9. Publisher Confirms
- Pattern: The broker sends an ACK back to the Producer once the message is safely stored on disk/memory.
- Best for: Financial transactions or critical data where losing a single message is unacceptable.
🏛️ RabbitMQ Exchange Architecture Summary
| Exchange Type | Analogy | Routing Logic | Use Case |
|---|---|---|---|
| Direct | Single Mailbox | Exact match on Routing Key. | Logging (Filtered by severity). |
| Fanout | Megaphone | Ignores keys; sends to all bound queues. | Broadcast Notifications. |
| Topic | Social Hashtag | Pattern matching (*, #). | Hierarchical data (Genres/Categories). |
| Headers | Metadata Filter | Uses message headers instead of keys. | Multi-attribute routing. |
How to use this project:
1. Infrastructure (UI Access & Monitoring)

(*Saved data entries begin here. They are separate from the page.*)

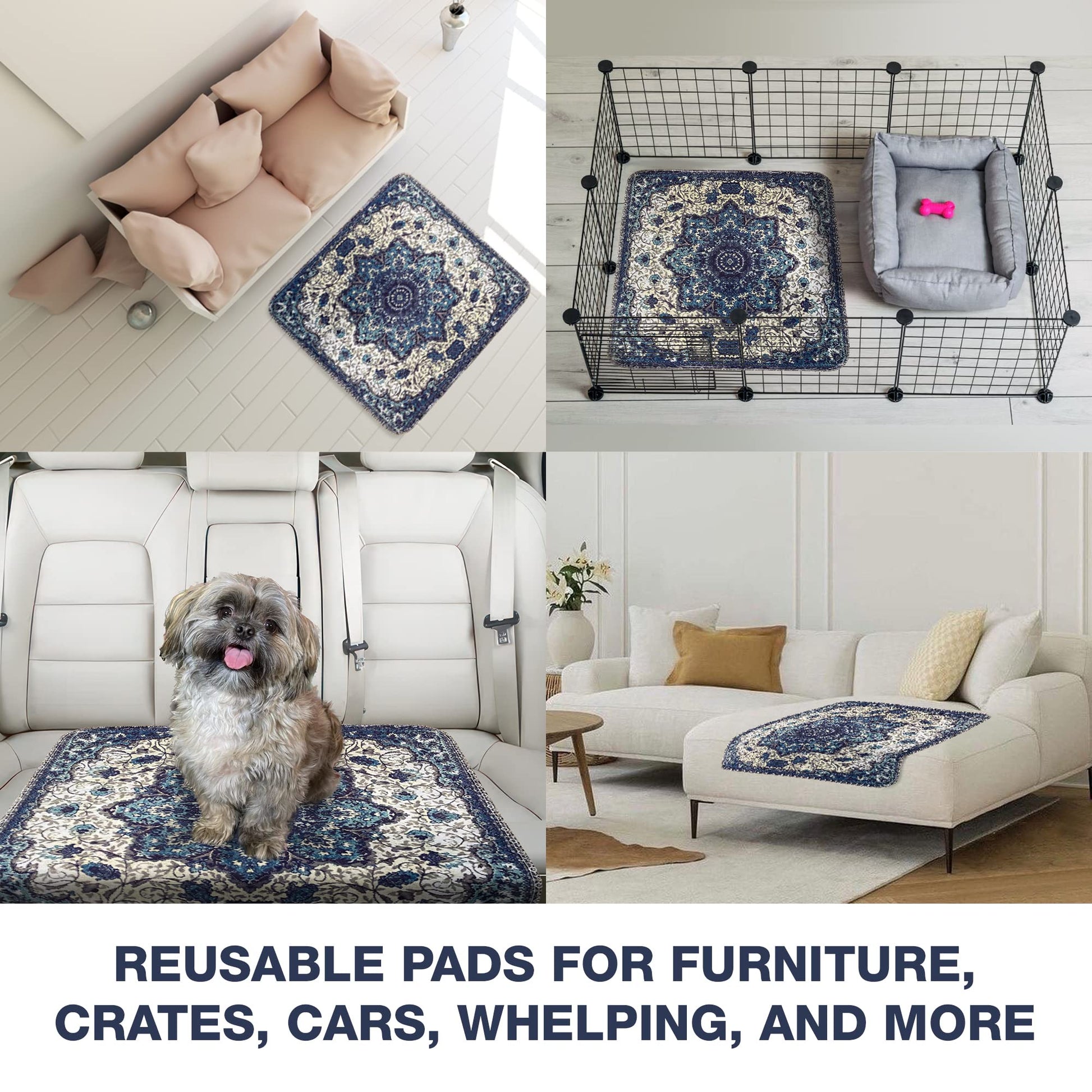 - Versatile Pet Mat for Crates, Playpens, and Floors - These multi-functional washable dog pee pads double as a comfortable mat for crates, playpens, or floor use. The soft, quilted surface provides a cozy resting spot for your pet, while the waterproof and leak-proof design protects your floors and furniture from accidents, spills, and pet hair. Perfect for travel, outdoor use, or as a designated pet area in your home, these versatile mats are a must-have for every pet owner.
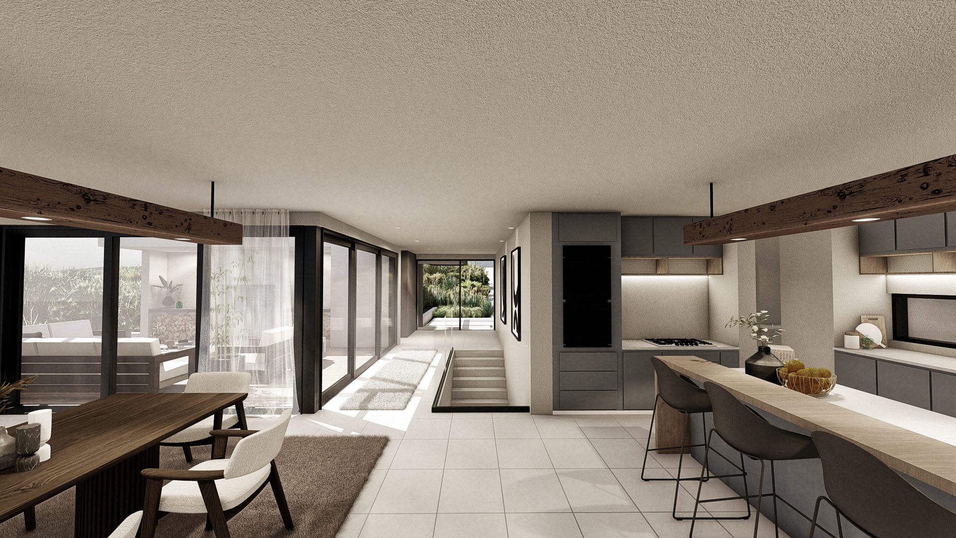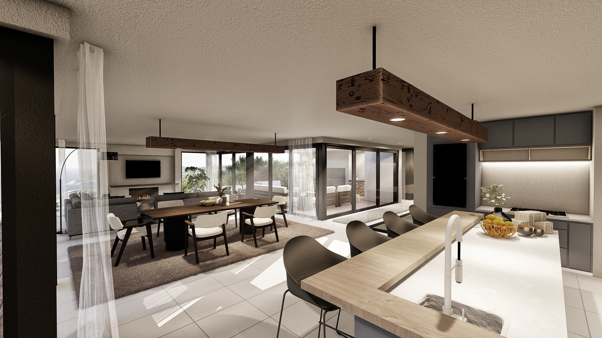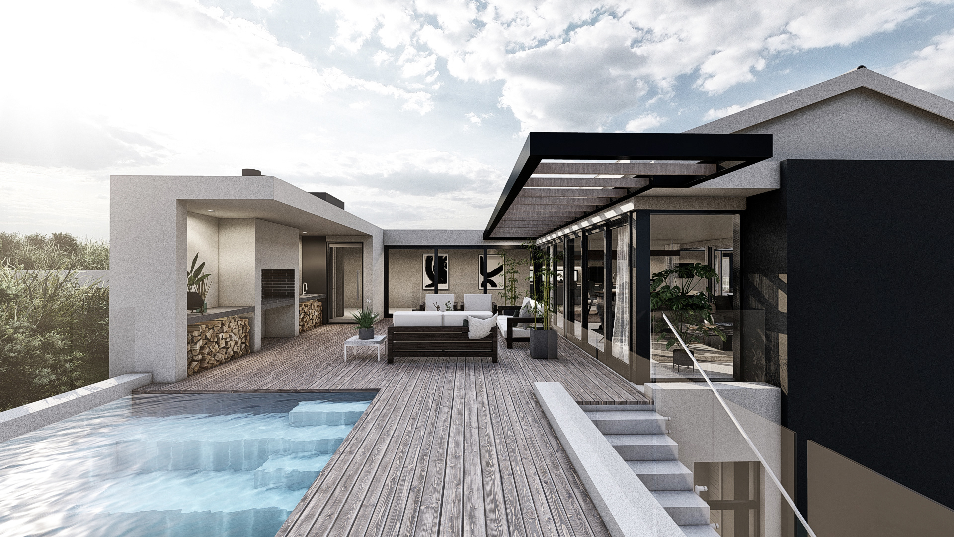 This classic-contemporary inspired house is all about entertainment spaces and private, comfortable bedrooms. The design makes use of views in various directions, bringing the vistas into the house.
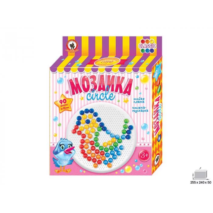 Мозаика Circle – это мозаика на круглой плате. В комплект набора входит книжка-подсказка с примерами рисунков.
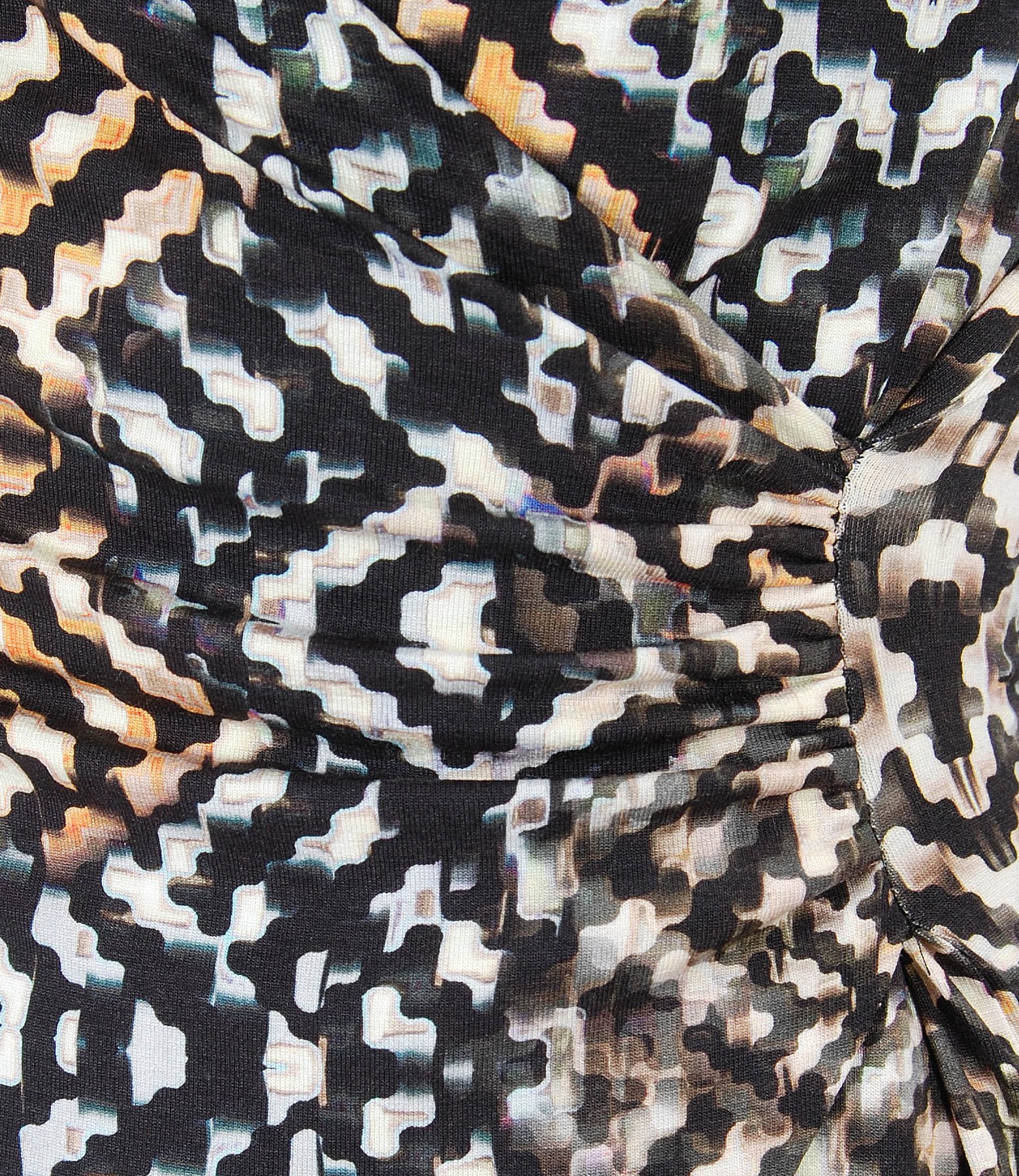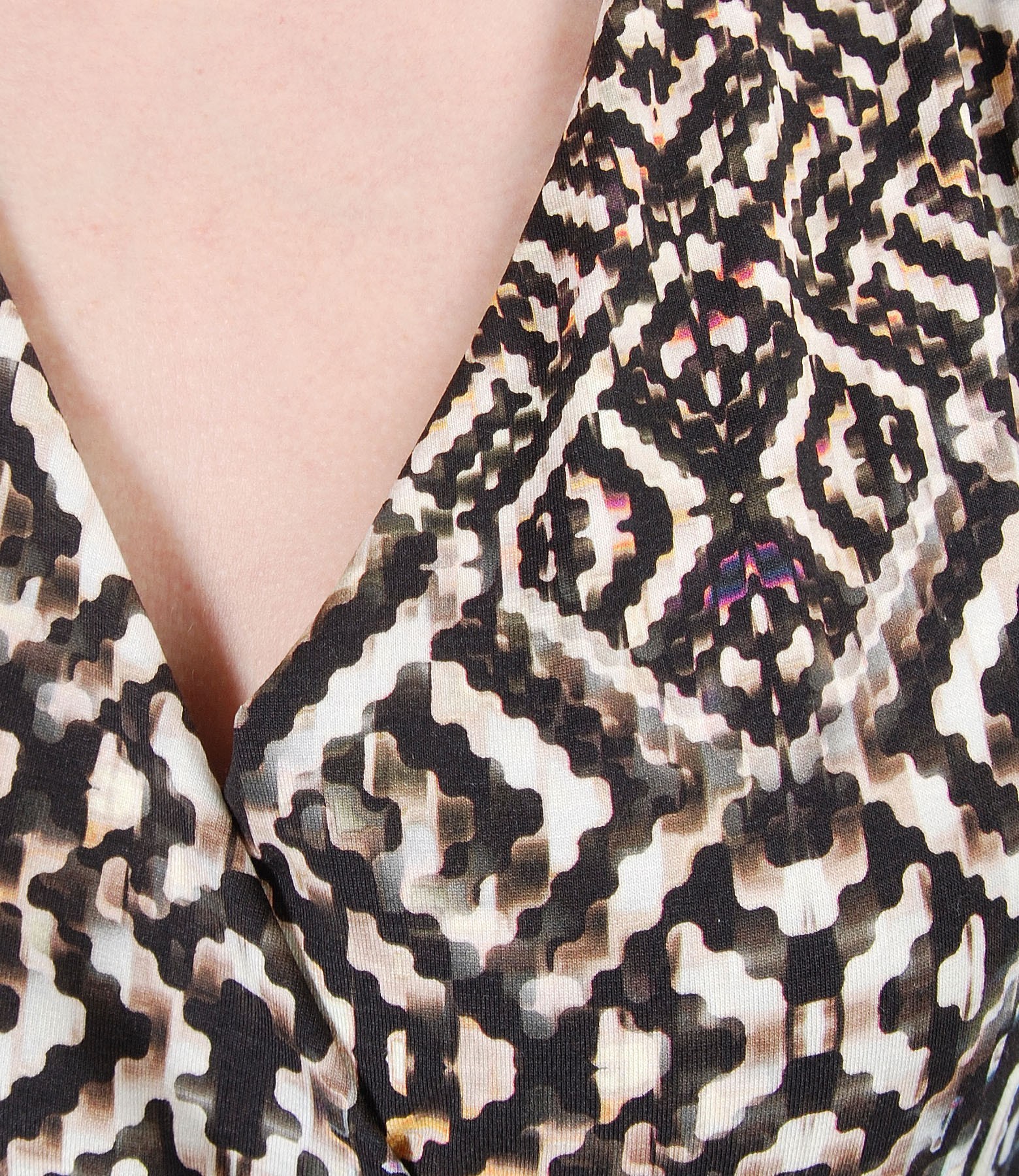 Rochie eleganta din jerse elastic imprimat, cu maneci scurte, pieptii petrecuti si cu umeri incretiti in partea din fata . Nu are sistem de inchidere.

| Broker | UI URL | Credentials | Key View |
|---|---|---|---|
| RabbitMQ | http://localhost:15672 | guest / guest | Queues Tab: See message counts and rates. |
| ActiveMQ | http://localhost:8161 | admin / admin | Manage Broker: Check 'Queues' vs 'Topics'. |
| Pulsar | http://localhost:8080 | N/A | Rest API: Use pulsar-admin CLI for monitoring. |
| RocketMQ | CLI Only | N/A | Check broker logs for connectivity status. |
| Kafka | CLI Only | N/A | Use docker-compose logs kafka or Python scripts. |
2. How to use the UIs for Debugging
RabbitMQ UI (Management Console)
- Navigate to Queues.
- Click on
music_tasks. - Use the "Get Messages" button to peak into the queue without consuming (highly useful for debugging!).
- Watch the Message Rates graph to see how many messages/sec your producers are sending.
ActiveMQ Console
- Click on "Manage ActiveMQ Broker".
- Go to the Queues tab to see your Point-to-Point messages.
- Go to the Topics tab to see active subscribers to your fanout broadcasts.
- You can "Purge" a queue here if it gets backed up with old data.
Kafka (The CLI Approach)
Kafka doesn't come with a built-in web UI by default (in production, people use tools like Confluent Control Center or Kafdrop).
- Monitor logs:
docker-compose logs -f kafka - Check Topics: Since Kafka is a log, the best "UI" is actually running your
consumer.pyscript—it will show you exactly what is stored on the disk.
2. RabbitMQ Hands-on (Python)
We use the pika library for Python.
- Setup Environment:
python3 -m venv venv source venv/bin/activate pip install -r requirements.txt
🛠 Pattern A: Point-to-Point (Work Queues)
- Concept: Load balancing tasks between multiple workers.
- Run:
- Tab 1:
python rabbitmq_consumer.py - Tab 2:
python rabbitmq_consumer.py - Tab 3:
python rabbitmq_producer.py
- Tab 1:
- Observation: Tasks are distributed Round-Robin. Only one worker processes any given task.
📣 Pattern B: Pub/Sub (Fanout)
- Concept: Broadcasting the same message to everyone.
- Run:
- Tab 1:
python rabbitmq_fanout_consumer.py - Tab 2:
python rabbitmq_fanout_consumer.py - Tab 3:
python rabbitmq_fanout_producer.py
- Tab 1:
- Observation: Both listeners receive the exact same announcement simultaneously.
🚦 Pattern C: Selective Routing (Direct)
- Concept: Filtering messages based on severity/type.
- Run:
- Tab 1 (Critical):
python rabbitmq_routing_consumer.py error critical - Tab 2 (General):
python rabbitmq_routing_consumer.py info - Tab 3:
python rabbitmq_routing_producer.py
- Tab 1 (Critical):
- Observation: Tab 1 ignores "User logged in" but catches the "DATABASE LOST" alert. Selective filtering in action.
🏷 Pattern D: Advanced Routing (Topics)
- Concept: Hierarchical filtering using wildcards (
*,#). - Run:
- Tab 1:
python rabbitmq_topic_consumer.py "music.rock.*" - Tab 2:
python rabbitmq_topic_consumer.py "#"(Everything) - Tab 3:
python rabbitmq_topic_producer.py
- Tab 1:
- Observation: Tab 1 gets
music.rock.classicbut missesmusic.pop.hits. Tab 2 gets everything.
📞 Pattern E: Request/Reply (RPC)
- Concept: Synchronous-style communication over an async broker.
- Run:
- Tab 1 (Server):
python rabbitmq_rpc_server.py - Tab 2 (Client):
python rabbitmq_rpc_client.py
- Tab 1 (Server):
- Observation: The client "pauses" and waits for the server to return the specific metadata for the requested track.